Emprego científico: como para furtar há arte, que é ciência verdadeira

Mantende o povo iliterato; não lhe dês ciência mas magia. E confundi, deliberadamente, quem mata de manhã a fome com quem a fome erradica, posto que se o repetirdes exaustivamente o povo sempre se acredita.

"E se é famosa a arte que, do centro da terra, desentranha o oiro, que se defende com montes de dificuldades, não é menos admirável a do ladrão que das entranhas de um escritório [...] desencova com outros maiores o tesouro com que se melhora de fortuna.”
Manuel da Costa, 1652, in Arte de furtar

Na real constituição do reino está a sangue consagrado o princípio de que, quando o trabalho é igual, igual será também o ordenado. No Estatuto do Bolseiro de Investigação, bem entendido, tudo isso é roubado, legalizando labor exclusivo mas de contrato de trabalho privado e a soldo inferior ao daquele pela carreira exercido.
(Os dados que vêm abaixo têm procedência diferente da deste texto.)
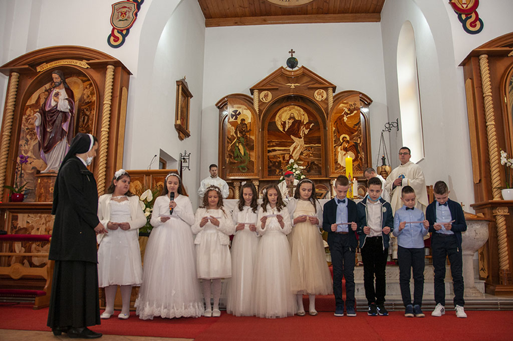 Svečano je bilo na Bijelu nedjelju, 11. travnja u župi Uznesenja Blažene Djevice Marije na Stupu gdje je tijekom pučke sv. mise vrhbosanski nadbiskup Vinko kard. Puljić podijelio sakrament Prve pričesti za 10 dječaka i djevojčica.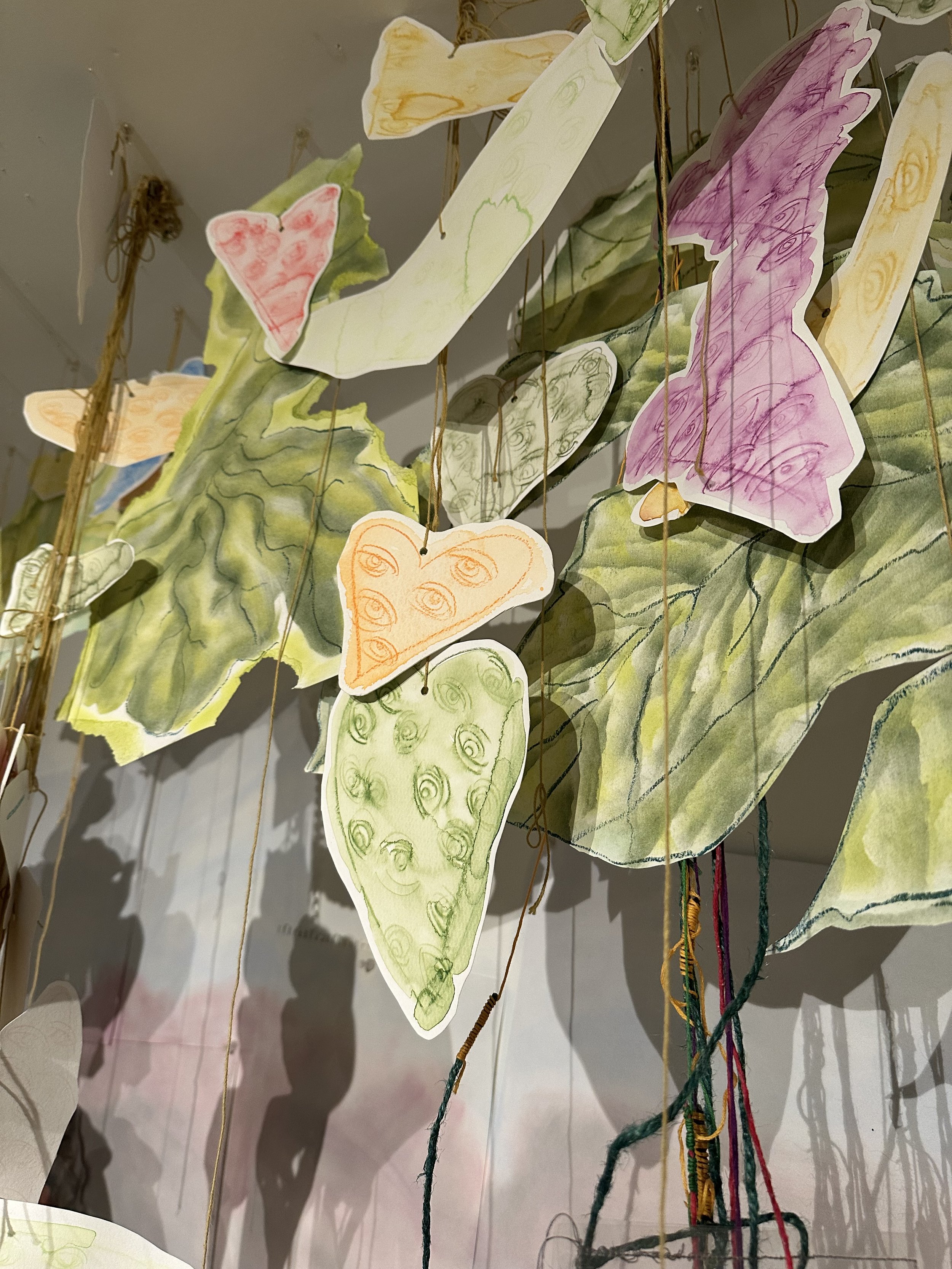 crayon, pastel on paper in wood frame with glass, feet and Blue hearts are Acrylic on canvas sewn and stuffed with pillow batting, Pinned to wall

E indagareis vós ao que ministra a razão desta desigualdade! Anuirá que não é democraticamente infundo e que outros desígnios obram conforme o ano em que viestes ao mundo e a vossa nobre afiliação? Não, que isso é mau linguajar antigo, pois ser bem nascido é coisa de outrora e só por desigualdade de talento é que alguém trabalha sem direitos agora. Até Dom Ramalho-Santos, em Coimbra bem nascido, quis renegar sua fidalguia rogando a seu senhor ser despedido para provar o quanto valia — a si próprio não se despediu, faltando-lhe talvez valentia, mas é sabido que o ontem dito nada vale hoje em dia.

Alguém crê que ao nobre lente e catedrático da academia só interessa a investigação que seja de sua serventia? Ou que nos Algarves um camaleão, que disse que todos contrataria, mudasse de cor sem razão, e que se manter haveria entre todos portento regedor naquela reitoria? Ou que em Coimbra um ogre gritasse “não assino contratos com mortos”, sem sentimento, e seu investigador enfermo matasse, deixando seus filhos sem sustento? Ou que fingindo exigir excelência, os desde há muito sempre barões, com a conivência da regência contrataram, sim, mas para outras funções?

Dom Mariano Gago, na sua pureza, alguma vez nos legaria semelhante peste de nobreza a reinar a ciência e tecnologia? Dom Mariano é impoluto e tudo o que obrou é sagrado, é coincidência, obviamente, que sejam fruto de seu longo reinado. Vede os signatários do opúsculo Livro Negro da Avaliação Científica em Portugal e como ensurdece hoje seu grito minúsculo após quatro anos com tudo igual. Se duvidardes ainda de sua lisura, fazei o que ministra pelos reitores, do investigador pérfida caricatura, ingrata pelos seus labores. Repeti, também, tanto quanto necessário for, que o ingrato está em formação e que não é, nem nunca será, um verdadeiro trabalhador. E ao aproximar do juízo, do final da legislatura, prometei ainda mais sem siso, prometei com muita fartura. Deixai o povo em júbilo e festança, mas negai depois o que havíeis dito e matai toda a esperança. Para quê ler Maquiavel em busca de estratagemas? Dai-lhes apenas meia côdea embrulhada em finos poemas. E afirmai: “a precariedade combate-se com um contrato”, mesmo que de um só dia. Mantende o povo iliterato; não lhe dês ciência mas magia. E confundi, deliberadamente, quem mata de manhã a fome com quem a fome erradica, posto que se o repetirdes exaustivamente o povo sempre se acredita.

E no Ciência 2019, preparai-vos para a derradeira impostura: prosar do nada um triunfo e lacrimejar a vacatura. Mas se este é o mesmo povo que descobriu mundos com bravura, não deixará o títere sair impune, nem no fim da legislatura, pois o mote daquele que ilude, sabe-o toda a aventesma: é preciso que algo mude para que tudo fique na mesma.